Des internautes français ont reçu ces derniers jours une lettre intimidante d’un cabinet d’avocats d’origine russe, inscrit au barreau de Paris, qui réclame 672 euros de « règlement amiable » à des internautes accusés d’avoir partagé sur les réseaux P2P un film pornographique. « La présente demande ne s’inscrit pas dans le cadre de la loi Hadopi », prévient le cabinet d’avocats, qui menace ceux qui ne payent pas de les traîner en justice. Les adresses IP avaient été collectées en 2010.

C’est le retour de méthodes que l’on croyait enterrées en France. Selon nos informations, plusieurs centaines d’internautes ont reçu ces derniers jours un même courrier émanant du cabinet AK Avocats, établi à Saint-Petersbourg et à Paris, qui leur demande de payer sous 8 jours la somme rondelette de 672 euros pour éviter un procès pour contrefaçon. Un procès que les abonnés concernés seront d’autant plus plus motivés à éviter qu’ils sont accusés d’avoir téléchargé un film pornographique.

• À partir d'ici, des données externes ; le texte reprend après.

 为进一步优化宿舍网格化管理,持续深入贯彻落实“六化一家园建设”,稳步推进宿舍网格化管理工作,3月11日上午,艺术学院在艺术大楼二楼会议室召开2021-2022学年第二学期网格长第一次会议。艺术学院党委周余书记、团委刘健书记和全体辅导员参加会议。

« Notre cliente nous a remis un dossier dont il ressort que vous avez, sans autorisation, téléchargé et mis ce film à disposition des tiers sur un réseau « peer-to-peer ». En effet, votre adresse IP a été identifiée grâce à un logiciel spécialement développé à cette fin par une société, mandatée par les titulaires des droits, spécialisée dans la lutte contre le piratage d’œuvres audiovisuelles« , indique le courrier. Ce dernier indique une date de collecte de l’adresse IP, le nom du fichier et le nom du film piraté, mais ne précise pas ni le logiciel utilisé, ni surtout le nom de cette société qui aurait collecté l’adresse IP. Or en France, seule la société nantaise TMG est autorisée à collecter les adresses IP, et ce uniquement pour le compte de certaines sociétés d’ayants droit, qui à notre connaissance ne gèrent absolument pas les droits de sociétés de productions pornographiques.

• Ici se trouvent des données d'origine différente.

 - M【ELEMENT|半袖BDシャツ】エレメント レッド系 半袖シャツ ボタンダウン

« Elle a surveillé les réseaux d’échanges en détectant et en enregistrant de manière probante les téléchargements et mises à disposition de fichiers pour téléchargements illégaux« , affirme la missive.

Le cabinet demande de renvoyer une « déclaration sur l’honneur » de suppression du film piraté, ce qui revient à livrer soit-même la seule preuve valable d’un téléchargement illégal, et réclame paiement du prétendu préjudice. « Ainsi, vous voudrez bien adresser au Cabinet AK Avocats (…) dans un délai de 8 jours à compter de la réception de la présente (…) règlement de la somme de 672 euros par chèque« . Evidemment, il ne faut surtout pas céder à une telle demande.

« Dans l’hypothèse d’un envoi conforme dans les délais, (le producteur du film) considérera avoir été indemnisé à l’amiable du préjudice subi suite au téléchargement illégal de l’œuvre ci-dessus mentionnée et renoncera à faire valoir ses droits en justice. A défaut, nous vous informons que notre cliente nous a d’ores-et-déjà donné instruction de porter cette affaire sur le plan judiciaire et de prendre à votre encontre toutes mesures envisageables afin d’assurer la sauvegarde de ses droits« .

La méthode est très sensiblement la même que celle utilisée en son temps par l’avocate Elizabeth Martin dans l’affaire Techland en 2008. Elle avait alors été condamnée par le Conseil de l’Ordre, qui lui avait notamment reproché une « formulation aggressive destinée à provoquer des paiements », ce qui est moins vrai dans la lettre du cabinet AK Avocats, et l’absence d’invitation à consulter un avocat. Sur ce point, la lettre d’AK Avocats est à peine plus incitative. En Grande-Bretagne, les mêmes méthodes ont conduit au même résultat. L’avocat Andrew Crosslew, qui avait monté son cabinet ACS:Law et proposait les mêmes services, a été radié du barreau pour deux ans.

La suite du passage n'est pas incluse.